Extracted records:

* * * * * * * * *

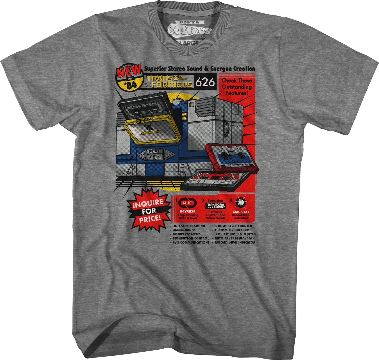 Soundwave is simply one of the most recognizable and popular Transformers of all time. Everyone will know you are a fan when you wear this 80sTees.com exclusive Soundwave Stereo Cassette Transformers T-Shirt!
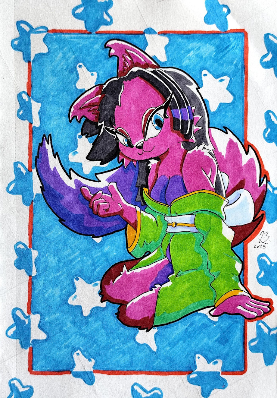Alt: Arkaia the Deer sits on her knees, with her left arm behind her, and her right arm bent behind her head. She's wearing a blue 2 piece bikini, a necklace and a golden arm band. She has pink and gray colored fur, brown antlers and bright blue eyes. Behind her is a beach themed design.
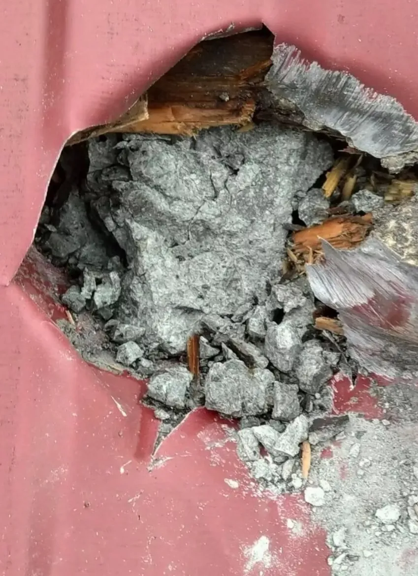 Следа от удар на метеорит на покрива Снимка: Скрийншот
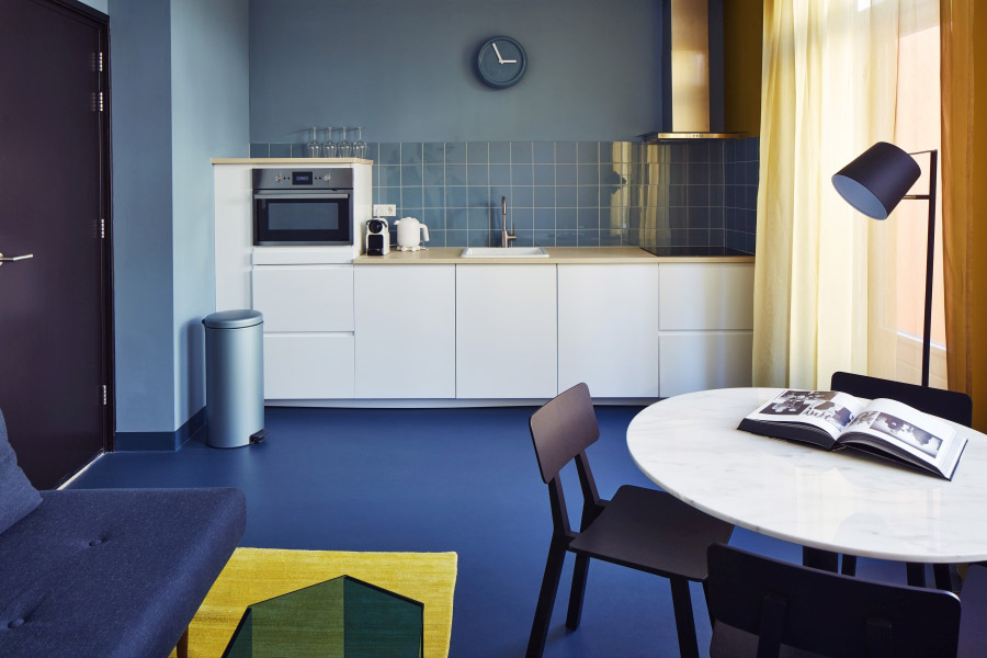 Studio 15C The bow tie <p>This single floor, masculine studio has a living room with designer sofa bed and a fully equipped kitchen. The bedroom offers a large Auping double bed. This studio is ideal for a longer stay or a stay with more than two guests. The design of the room is inspired by the fashion accessory, the bow tie. A cool, masculine design with lots of denim colors.</p> <p>Click on the &#39;Book a design studio&#39; button on the right to view the availability of our studios. If you would like to specifically reserve this studio,&nbsp;<a href="mailto:receptie@hotelmodez.nl">email</a> or <a href="http://tel:+31026440993">call</a> our reception.</p>
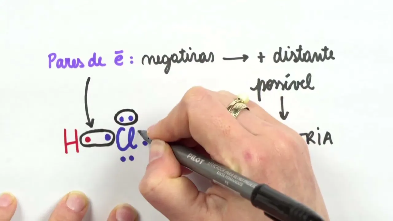 espacial em que a repulsão seja mínima porque de novo cargas negativas se repelem e quando que a repulsão é mínima Quando essas cargas tiverem o mais distante possível e essa orientação da molécula é o que a gente vai chamar de G ometria então só para vocês entenderem o que a profe tá falando quem que são pares de elétrons né os pares de elétrons eles podem ser os pares que vão estar dentro da ligação química que aquela molécula faz então cada ligação tem um par de elétrons mas os pares de elétrons eles podem ser tanto então
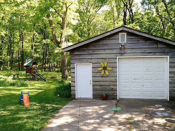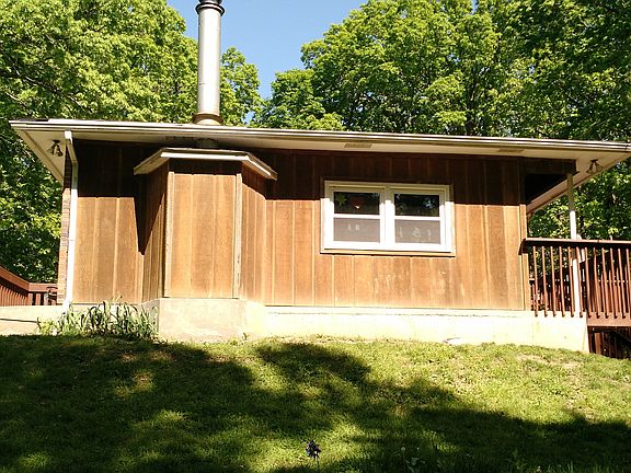Open floor plan 3 bedroom ranch with hardwood floors and kitchen cabinets. Kitchen walks out to deck for easy grilling and outdoor dining. Wood stove heats whole living space. Solid foundation. Large open room in basement and small office. Basement walks out onto patio also handy for dining and relaxing. Detached one car garage has lots of space for tools, restoration projects, and outdoor toys. 8+ acres features pond, creek, and forest paths. Has good backstop for archery or rifles. New roof, windows, furnace, AC, hardwood flooring, pressure tank, and much else in last 6 years.
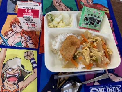 今日の献立は、カツ丼(ごはん)、はくさいの甘酢あえ、ソフト黒豆、牛乳です。

* * * * * * * * *

Goal of the exercise =>
When you retype the data above, match every line exactly and leave the pictures behind.

Output of the exercise =>
 Soundwave is simply one of the most recognizable and popular Transformers of all time. Everyone will know you are a fan when you wear this 80sTees.com exclusive Soundwave Stereo Cassette Transformers T-Shirt!
Alt: Arkaia the Deer sits on her knees, with her left arm behind her, and her right arm bent behind her head. She's wearing a blue 2 piece bikini, a necklace and a golden arm band. She has pink and gray colored fur, brown antlers and bright blue eyes. Behind her is a beach themed design.
 Следа от удар на метеорит на покрива Снимка: Скрийншот
 Studio 15C The bow tie <p>This single floor, masculine studio has a living room with designer sofa bed and a fully equipped kitchen. The bedroom offers a large Auping double bed. This studio is ideal for a longer stay or a stay with more than two guests. The design of the room is inspired by the fashion accessory, the bow tie. A cool, masculine design with lots of denim colors.</p> <p>Click on the &#39;Book a design studio&#39; button on the right to view the availability of our studios. If you would like to specifically reserve this studio,&nbsp;<a href="mailto:receptie@hotelmodez.nl">email</a> or <a href="http://tel:+31026440993">call</a> our reception.</p>
 espacial em que a repulsão seja mínima porque de novo cargas negativas se repelem e quando que a repulsão é mínima Quando essas cargas tiverem o mais distante possível e essa orientação da molécula é o que a gente vai chamar de G ometria então só para vocês entenderem o que a profe tá falando quem que são pares de elétrons né os pares de elétrons eles podem ser os pares que vão estar dentro da ligação química que aquela molécula faz então cada ligação tem um par de elétrons mas os pares de elétrons eles podem ser tanto então
Open floor plan 3 bedroom ranch with hardwood floors and kitchen cabinets. Kitchen walks out to deck for easy grilling and outdoor dining. Wood stove heats whole living space. Solid foundation. Large open room in basement and small office. Basement walks out onto patio also handy for dining and relaxing. Detached one car garage has lots of space for tools, restoration projects, and outdoor toys. 8+ acres features pond, creek, and forest paths. Has good backstop for archery or rifles. New roof, windows, furnace, AC, hardwood flooring, pressure tank, and much else in last 6 years.
 今日の献立は、カツ丼(ごはん)、はくさいの甘酢あえ、ソフト黒豆、牛乳です。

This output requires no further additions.